History of Literature







Russian literature


 


Yury Trifonov



 

Yury Valentinovich Trifonov (Russian: Юрий Валентинович Трифонов; August 28, 1925 - 28 March 1981) was a leading representative of the so-called Soviet "urban prose", a 1970s movement inspired by the psychologically complicated works of Anton Chekhov and his 20th-century American followers.

Trifonov was born in the luxurious apartments on the Arbat Street and spent his whole life in Moscow. After his father, Valentin Trifonov, was purged by Stalin in 1937, his family moved from the famous House on Embankment (just across the river from the Kremlin), into a sordid kommunalka.

Trifonov attended a literary institute between 1944 and 1949. His first novel, The Students (1950), won him the Stalin Prize. Trifonov's subsequent works treated such topics as moral ambivalence of Soviet intelligentsia and tragic vicissitudes of Cossackdom during the Russian Civil War.

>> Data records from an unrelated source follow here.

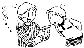
「お電話をお待ち申し上げます。」
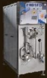
FROSTO 400-1600 automatic continuous freezers
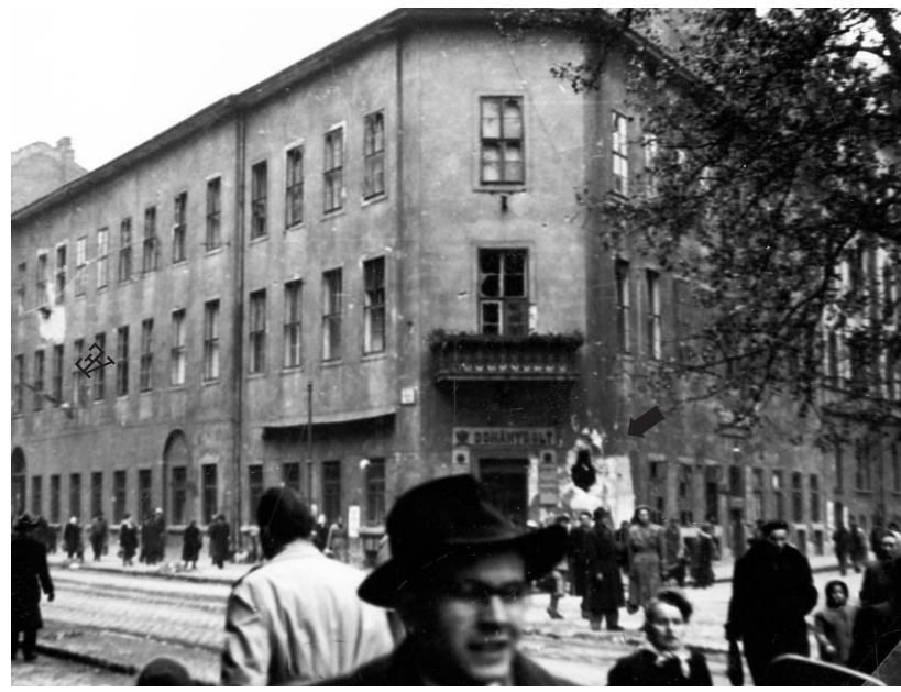
Belövés az MEE Üllői úti kollégiumának épületén
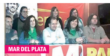
MAR DEL PLATA
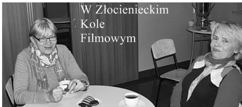
W Złocienieckim Kole Filmowym

(ZŁOCIENIEC). Podczas spotkania dyskutowaliśmy o filmach, które chcielibyśmy obejrzeć w ramach ZŁOCIENIECKIEGO KOŁA FILMOWEGO.
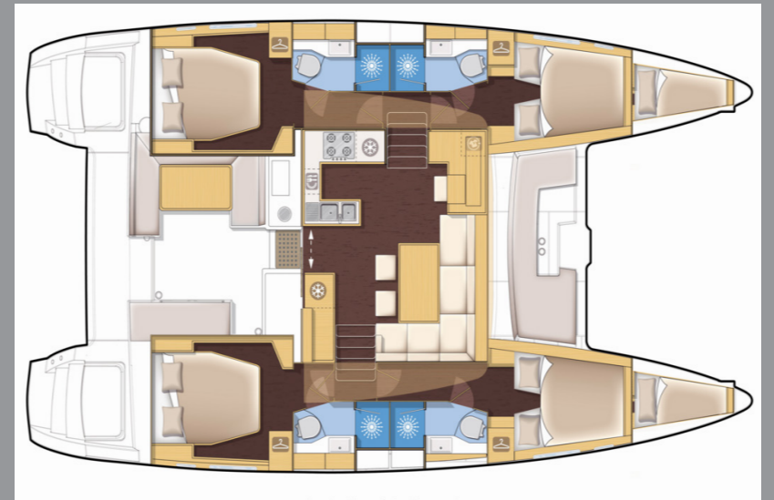
L a g o o n 4 5 0
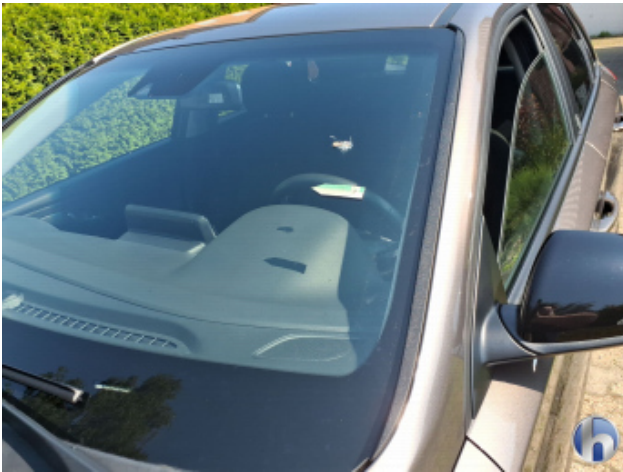
1. Windschutzscheibe Steinschlag - Erneuern
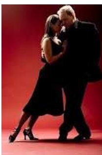
Figura 15: Volcada

Uma figura do Tango, em que o cavalheiro deixa sua dama fora do eixo, mantendo-a apoiada próximo ao seu abraço.

Trifonov's best regarded and most widely read pieces are half a dozen "Muscovite novellas": Exchange (1969), Preliminary Conclusions (1970), The Long Good-Bye (1971), Another Life (1975), and (most importantly) House on the Embankment (1976). These works are ranked among the most stylish, richly textured and aesthetically satisfying written in the Soviet period.